Advocates of watering down sentencing law and dismantling "broken windows" policing speak of "nonviolent" crimes as if they were harmless. Unfortunately a large portion of the population is buying it. "Property crimes" are not harmless. They work a major degradation of the quality of life. Nicole Gelinas has this article in the City Journal focusing on the impact on bicycle riders.
As violent crime remains at historical lows in much of the West, criticism of Broken Windows policing has grown more insistent. Skeptics, including New York mayor Bill de Blasio's new top deputy, J. Phillip Thompson, claim either that preventing small, nonviolent crimes wasn't a big factor in preventing larger violent ones, or that Broken Windows' disproportionate targeting of minorities isn't worth the benefits, even if they exist. This debate ignores a key point: preventing "minor" crime is a social good in itself. Cities plagued with small-scale crime cannot maintain a good quality of life for their residents. Advocates of bike-share programs are discovering this anew, as the private-sector companies that offer the services, from Paris to Baltimore, have pulled out or scaled back because they cannot keep up with the destruction of their bicycles.

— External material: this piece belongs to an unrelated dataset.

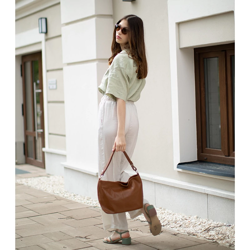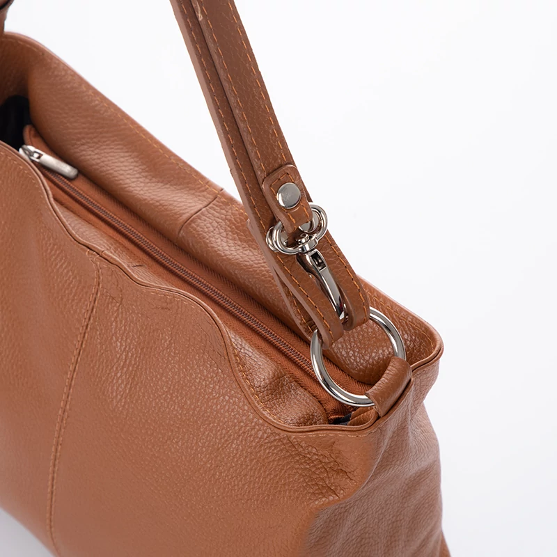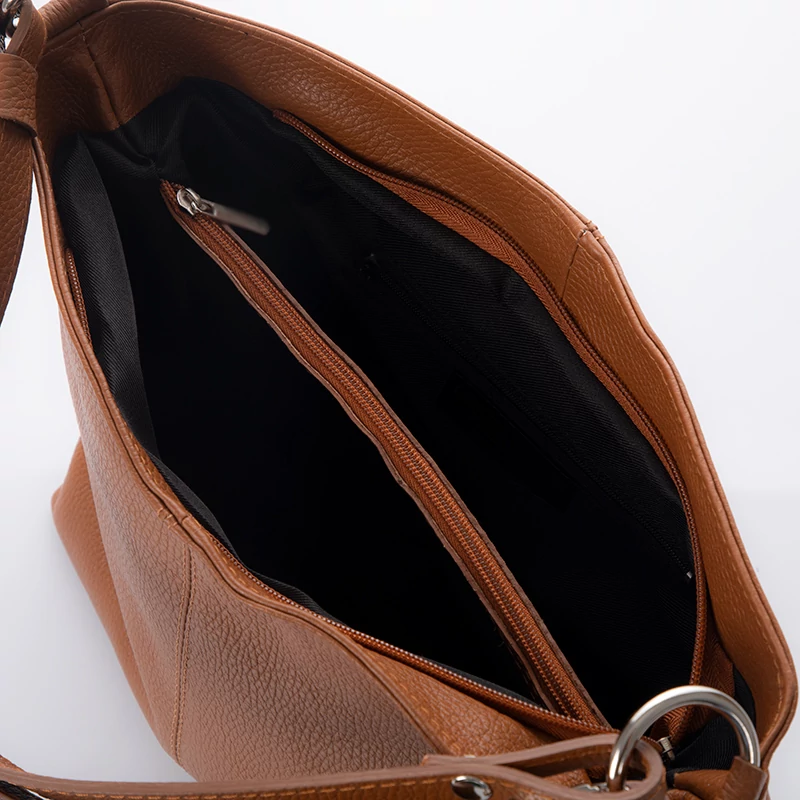 Közepes méretű női táska, amiben kényelmesen elfér a nagyméretű női pénztárca, a normál méretű összecsukható esernyő, a többi mindennapi holmi mellett.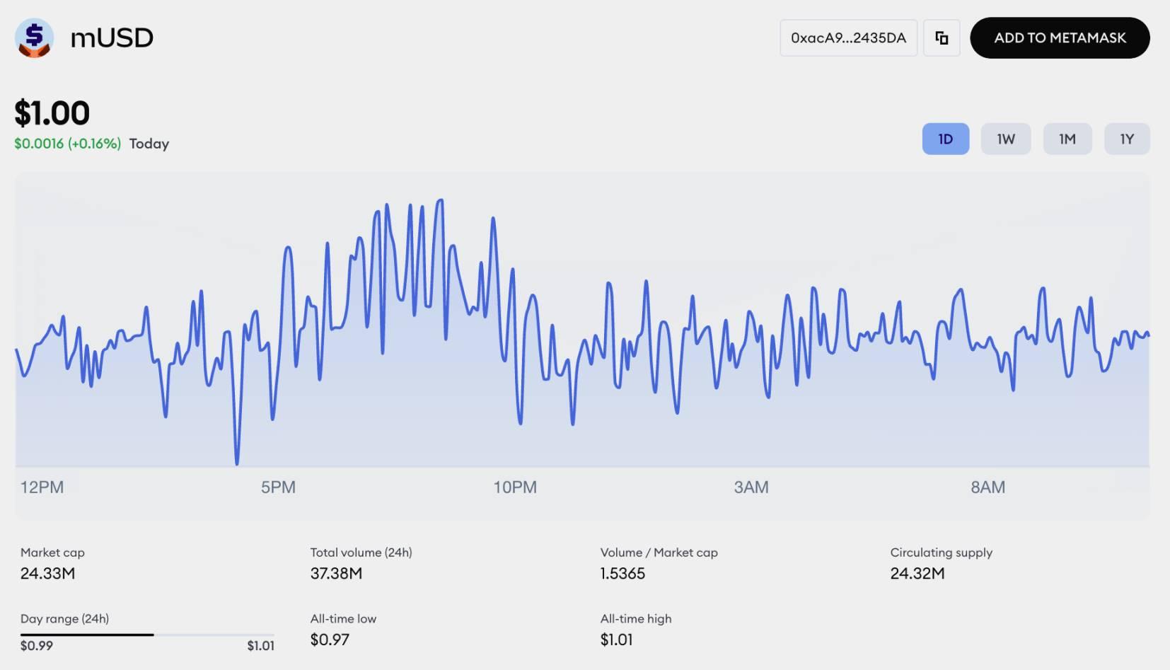 当前 Mask 官网已提供 mUSD 的购买和兑换界面,距离 mUSD 上线不到 24 小时,据 Etherscan 数据 ,截止发文,mUSD 当前的流通供应量为 2436 万枚,其中持币者 179 人,交易 1539 笔。

My wife and I both lived in NYC in the late 70s. It was deplorable. I did not return until 2003, and I was very pleasantly surprised by the transformation. There is no one reason for these things-but certainly the “broken windows” policy had to be pt of it. These small crimes have a cumulative effect. We are seeing this in San Francisco now. Last visited NYC in 2016. I sensed, for the first time, some regression. I hope I’m wrong.